A strong case may be made for further investigating cannabidiol based on three factors: clinical and preclinical evidence, the molecule’s myriad interactions with around 80 human receptors and pathways associated with pain, and established strategies for topical dosage form development.

Main Photo Caption: Physical therapist Erson Religioso III regularly uses topical analgesics, including those containing CBD, to help manage his clients’ pain. Photo: Erson Religioso III

Complementary Treatment

Individuals enter physical rehabilitation programs for conditions arising from injury, medical procedures, the consequences of lifestyle choices, the effects of normal aging, or some combination of “all of the above.” Many of these conditions involve the need for the relief of chronic or acute pain.¹  

Related: Pain Management Product Showcase

Rehabilitation utilizes a range of treatments including exercise to help improve strength, range of motion, function, and quality of life. Many rehab clients also benefit from physical or mechanical modalities such as ultrasound², electrical stimulation³ including TENS (transcutaneous electrical neuromuscular stimulation⁴), joint mobilization⁵, heat or cold⁶, and whirlpool therapy⁷ to manage pain. In addition, manual therapy including joint and soft tissue manipulation, which loosen and address injured tissues, may be used in combination with other modalities to decrease pain, improve circulation, and decrease muscle tension.⁸ All of these can often be complemented by topical pain agents.  

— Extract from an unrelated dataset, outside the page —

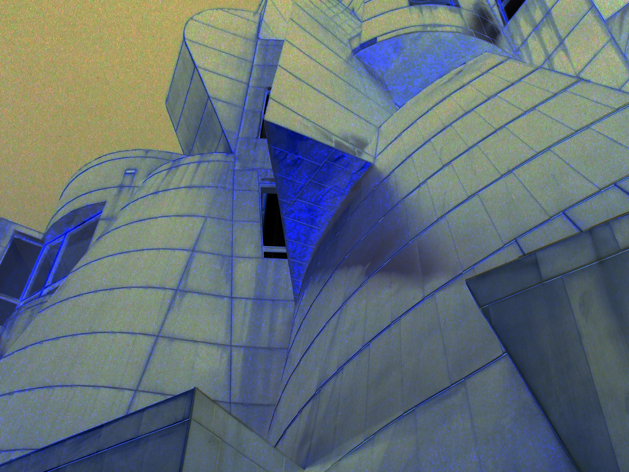 Photographed on a chilly February night in Minneapolis and then using a reverse image process to create negative of the original image. This resulted in a blue and gold effect to my delight. This image is also seen on Minneapolis Public Television from time to time.

Topical Agents in the Clinic

Many treatments utilized in a physical rehabilitation setting, particularly those targeting mild to moderate pain, may be enhanced through application of topical pain agents including salicylates, anesthetics, capsaicin, alpha adrenoreceptor agonists, nonsteroidal anti-inflammatory drugs (NSAIDs), opioids, and cannabinoids.⁹

Although topical medications are somewhat limited to treating mild-to-moderate pain originating on or near the surface of the skin, these treatments provide several benefits, some of them unique to topical application. 

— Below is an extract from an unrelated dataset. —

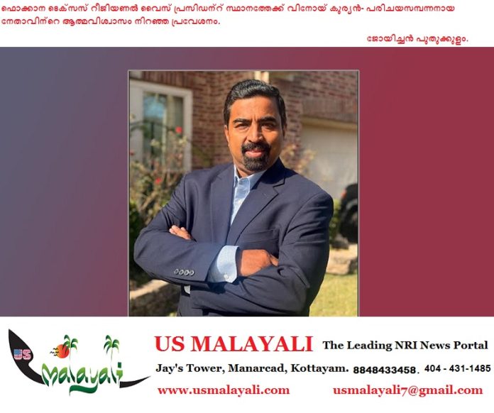 ടെക്സസ് റീജിയണിൽ ഫൊക്കാനയുടെ തിരഞ്ഞെടുപ്പ് ചർച്ചകൾ ചൂടുപിടിക്കുകയാണ്. ലീല മാരേട്ട് നയിക്കുന്ന പാനലിന് കീഴിൽ റീജിയണൽ വൈസ് പ്രസിഡന്റ് സ്ഥാനത്തേക്ക് മത്സരിക്കുന്നതായി വിനോയ് കുര്യൻ ഔദ്യോഗികമായി പ്രഖ്യാപിച്ചതോടെ മലയാളി സമൂഹത്തിന്റെ ശ്രദ്ധ മുഴുവൻ ഹൂസ്റ്റണിലേക്കാണ്. കേരളത്തിന്റെയും അമേരിക്കയുടെയും സാമൂഹിക-സാംസ്കാരിക മണ്ഡലങ്ങളിൽ ദീർഘകാല പ്രവർത്തനപരിചയമുള്ള, ആത്മാർത്ഥതയും നേതൃപാടവവും ഒത്തുചേർന്ന വ്യക്തിത്വമാണ് വിനോയ്.

Topical agents are effective against both acute pain (sprains, tendonitis, acute back pain, muscle aches) and the pain associated with chronic conditions such as osteoarthritis, chronic lower back pain, and some neuropathies.¹⁰  

Since the active ingredients in almost all topically applied drugs are small molecules (vs. biologics), they may be blended with a wide range of excipients, emulsifiers, and other active or inactive ingredients into almost any suitable dosage form, including creams, ointments, patches, etc. Formulations are stable over a wide range of temperatures, and may be selected for pharmacokinetics as well, for example with rapid or slow release/delivery. ¹¹

Although some topical pain drugs (e.g. opioids) undergo systemic distribution, most products penetrate and work locally, at the skin or into tissue right below the surface.¹² This is both a benefit and a drawback: Low systemic uptake limits the scope of pain treatable topically, but it also greatly reduces or eliminates systemic side effects. 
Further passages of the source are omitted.